Date: Sunday, October 21, 2018
Session Type: ACR Poster Session A
Session Time: 9:00AM-11:00AM
Background/Purpose: Increased insulin resistance and impaired β-cell function have been demonstrated in rheumatoid arthritis (RA). The aim of the study was to analyze the association of these metabolic disturbances with glucocorticoid (GC) therapy.

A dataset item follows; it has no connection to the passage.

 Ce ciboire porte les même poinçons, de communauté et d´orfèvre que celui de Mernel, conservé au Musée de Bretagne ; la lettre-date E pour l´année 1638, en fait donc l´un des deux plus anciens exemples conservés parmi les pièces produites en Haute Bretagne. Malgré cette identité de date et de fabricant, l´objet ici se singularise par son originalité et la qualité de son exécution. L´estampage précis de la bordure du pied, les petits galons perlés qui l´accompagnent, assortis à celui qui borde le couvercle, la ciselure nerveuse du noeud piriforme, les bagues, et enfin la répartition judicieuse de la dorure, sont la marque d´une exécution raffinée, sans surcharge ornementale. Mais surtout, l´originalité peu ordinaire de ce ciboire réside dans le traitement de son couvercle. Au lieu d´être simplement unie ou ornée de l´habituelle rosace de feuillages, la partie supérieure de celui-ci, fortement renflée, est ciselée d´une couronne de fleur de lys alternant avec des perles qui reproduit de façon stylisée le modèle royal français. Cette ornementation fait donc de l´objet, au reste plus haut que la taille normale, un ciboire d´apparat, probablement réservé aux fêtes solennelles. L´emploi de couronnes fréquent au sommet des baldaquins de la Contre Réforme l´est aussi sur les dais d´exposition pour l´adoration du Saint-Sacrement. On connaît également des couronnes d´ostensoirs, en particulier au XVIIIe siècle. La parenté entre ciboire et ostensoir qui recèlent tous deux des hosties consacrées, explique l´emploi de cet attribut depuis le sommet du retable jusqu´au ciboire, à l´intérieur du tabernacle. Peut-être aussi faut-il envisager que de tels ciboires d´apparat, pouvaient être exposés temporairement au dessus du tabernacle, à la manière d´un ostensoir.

Methods: The study population included 127 non-diabetic subjects: 90 RA pts (mean age 52.4±9.9 yrs, disease duration 9 yrs, range 4-13) and 37 matched controls (mean age 49.0±7.5 yrs). All pts were on disease modifying anti-rheumatic drugs (methotrexate in 93.3%), biologic therapy in 27.8%, and GC in 65.6%, none on GC>10 mg/day (median dose 5 mg/day, range 5-10, during 4 yrs (range 2-6 yrs), cumulative GC dose was 9.1 g (5.5-16.4 g). Clinical work-up included determination of the body mass index (BMI), waist circumference (WC), blood pressure (BP), disease activity (mDAS28-SE), inflammation markers, lipids, glucose, specific insulin, and C peptide. The updated-computer Homeostasis Model Assessment was used to calculate insulin resistance (HOMA2-IR) and β-cell function (HOMA2-%B). HOMA2-IR>1 was defined as increased insulin resistance. Lack of compensatory rise of HOMA2-%B implied impaired β-cell function.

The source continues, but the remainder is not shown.